Felix, here's an updated function which should do what you want:
def getDataFromLast(num, quantum):
m = my_mongodb()
all = []
not_deleted = []
today = datetime.combine(date.today(), time())
for i in range(num+1)[-1]: # start from oldest
day = today - i*quantum
time_query = {"$gte":day, "$lt": day+quantum}
all.extend(m.data.find({"time":time_query}).count())
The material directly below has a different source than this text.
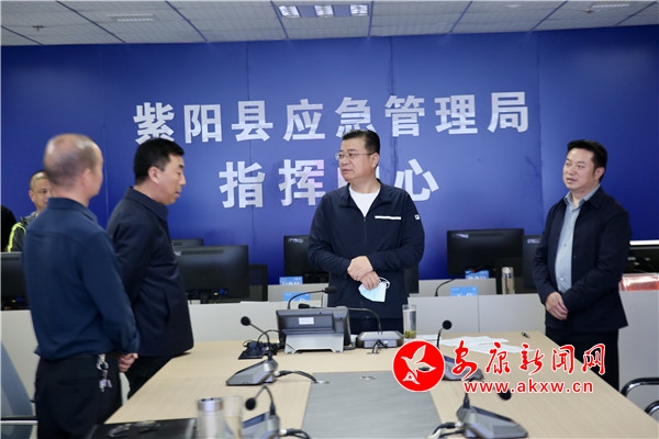 在紫陽(yáng)港碼頭廣場(chǎng)和縣應(yīng)急管理局指揮大廳,高晶華聽取了紫陽(yáng)防范應(yīng)對(duì)本輪強(qiáng)降雨和防汛防滑情況匯報(bào)。他強(qiáng)調(diào),縣鎮(zhèn)村要把生命至上舉過(guò)頭頂,密切關(guān)注雨情,靈通聯(lián)動(dòng)信息,壓實(shí)“人盯人,防搶撤”各方責(zé)任,確保應(yīng)撤必撤、撤必安全,妥善解決撤離群眾食宿保障。

not_deleted.extend(m.data.find({"deleted":0, "time":time_query}).count())
return all, not_deleted
Quantum is the "step" to look back by. For instance, if we wanted to look at the last 12 hours, I'd set quantum = timedelta(hours=1) and num = 12. An updated example usage where we get the last 30 days would be:
from datetime import datetime, date, time, timedelta
import matplotlib.pyplot as plt
import matplotlib.ticker as ticker
from my_conn import my_mongodb
#def getDataFromLast(num, quantum) as defined above
def format_date(x, N, pos=None):
""" This is your format_date function. It now takes N
(I still don't really understand what it is, though)
as an argument instead of assuming that it's a global."""
day = date.today() - timedelta(days=N-x-1)
return day.strftime('%m%d')
def plotBar(data, color):
plt.bar(range(len(data)), data, align='center', color=color)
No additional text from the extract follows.